Detective privado
03/03/2008

No he leído muchas novelas de género negro o policíaco (no es lo mismo, sólo tienen algunas características comunes) en la que se explique por qué un policía o un detective privado ha escogido esa profesión que muy pocas personas, llegado el momento de elegir una, escogen. No es un dato que normalmente sea importante para la novela porque a menudo se pone más interés en las tramas que en la caracterización de los protagonistas (sí, hay excepciones, y esas excepciones son, no por casualidad, escritas por las mejores plumas del género), pero yo siempre echo de menos esa información.
Cuando empecé a escribir mi novela, supe desde el principio que sería una novela muy negra, que tendría unas 300 páginas y que estaría protagonizada por un detective privado, en homenaje a los clásicos literarios y cinematográficos que tanto me gustan. Durante mucho tiempo trabajé en ella concentrándome sólo en el argumento, con vistas a tener una historia muy general de todo lo que iba a contar y que me permitiese evolucionar mi proyecto hacia lo que tenía en mente antes de empezar. Dejé de lado a los protagonistas, apenas eran cuatro esbozos que me permitían hacer avanzar la trama, y reconozco que me obsesioné tanto con el argumento que tardé demasiado en darme cuenta de lo mal que estaba encarando mi novela: si creaba los personajes únicamente en función del argumento, si los dotaba únicamente de una personalidad y uso intereses destinados exclusivamente a encajar y hacer avanzar mi historia en la dirección que yo necesitaba, iba a acabar con una historia falsa, con todos los acontecimientos demasiado forzados, inverosímiles, y unos personajes planos, unidimensionales, estereotipados, aburridos y poco interesantes.

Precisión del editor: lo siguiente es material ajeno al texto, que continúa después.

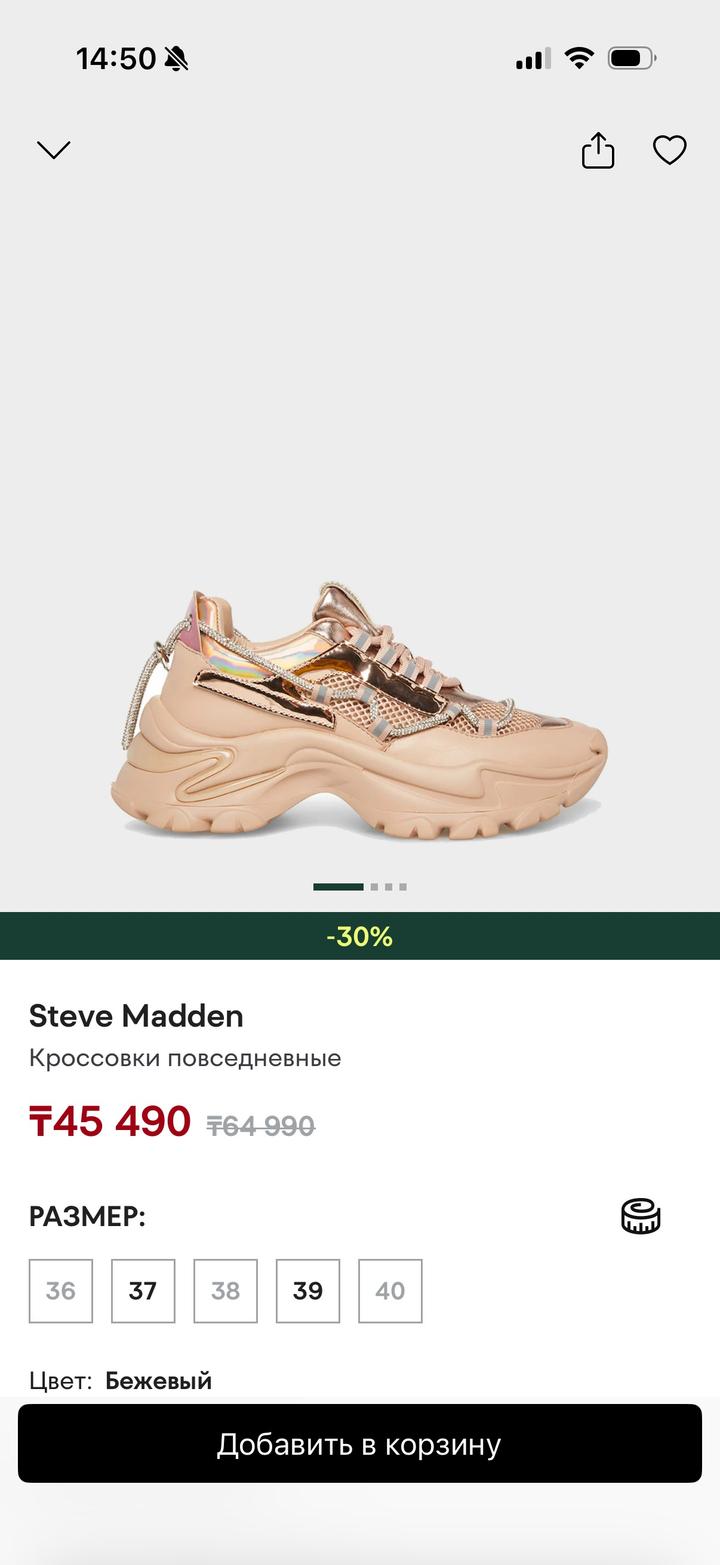 Кроссовки от бренда Steve Madden В отличном состоянии, в носке пару раз (к сожалению, оказались маленькие) Но они прям супер! Покупала в Интертопе, за 65 тыс Размер 36 Артикул: 522696

En definitiva, estaba escribiendo la clase de novela de la que estoy harto y que me condujo a escribir la mía.
Así fue como decidí dar más importancia a los personajes desde el principio, y ya me ocuparía después de la historia que los haría interactuar entre sí. Debía establecer cómo eran físicamente, qué cosas les gustaban, qué querían, qué odiaban, qué necesitaban, qué debilidades tenían, qué cosas les obsesionaban, qué comían, dónde lo hacían, cómo se vestían, dónde y cómo se divertían, con quién se acostaban y por qué, cómo se ganaban la vida… Muchos de estos datos no estrán explícitamente en la narración final, pero haciendo tal cosa creo que haré personajes más interesantes para mi novela, tendrán un pasado que les ha conducido hasta el momento en que comienza la narración y que determinará en gran parte lo que sientan y lo que hagan frente a los acontecimientos que ocurrirán.
Por todo esto, si mi protagonista y narrador va a ser un detective privado, nesecitaba saber por qué se hizo detective privado.
Me gusta mucho que el padre de mi protagonista fuese policía y tuviera un papel principal en la elección profesional de éste. Imagino al padre como un buen policía, nada de corrupciones ni de problemas con drogas, alcohol, prostitución o robos, nada de gatillo fácil, sólo un policía corriente, con problemas habituales, que cumple con su trabajo según las leyes. ¿Hay algo más revolucionario en una novela de este género que un policía que sea una persona normal? Mi protagonista, bajo la influencia de su padre, decide estudiar derecho para convertirse en juez o fiscal, así es de ambicioso el chaval, así de claro lo tiene, y al acabar la carrera, gracias a algunos contactos de su padre, logra entrar como becario/pasante en un prestigioso despacho de abogados, el de Miguel Soria (lo que me recuerda que tengo que hacer y poner en alguna parte una lista de personajes), que es, como mínimo, una persona polémica que fue juez, se interesa a veces por la política, y ha creado una red de empresas diversificadas que lo están convirtiendo en un hombre muy, muy, muy rico, aunque no siempre de manera ética. Su estancia en el bufete es corta, no llega al año, pero lo cambia para siempre: cuando deja el despacho de abogados, antes de tiempo y con malos modos y mucho mal rollo con todo el mundo, estudia criminología, obtiene una licencia de detective privado, y tras pasar cuatro años trabajando para alguna agencia de detectives decide que ha llegado el momento de trabajar sólo para él mismo y monta su minúscula agencia de investigaciones.
Además de enriquecer al personaje, me quito de encima algo que ha pesado mucho sobre mi argumento, ya que debía relacionar a mi protagonista con un abogado que lo chantajea para que traicione la confianza de su cliente, y necesitaba un vínculo entre los dos que no conseguía tener hasta que imaginé este pasado. Sigo sin decidirme por el objeto del chantaje, pero sea cual sea, ahora dispongo de muchas más opciones que antes de establecer que el detective trabajó para el abogado.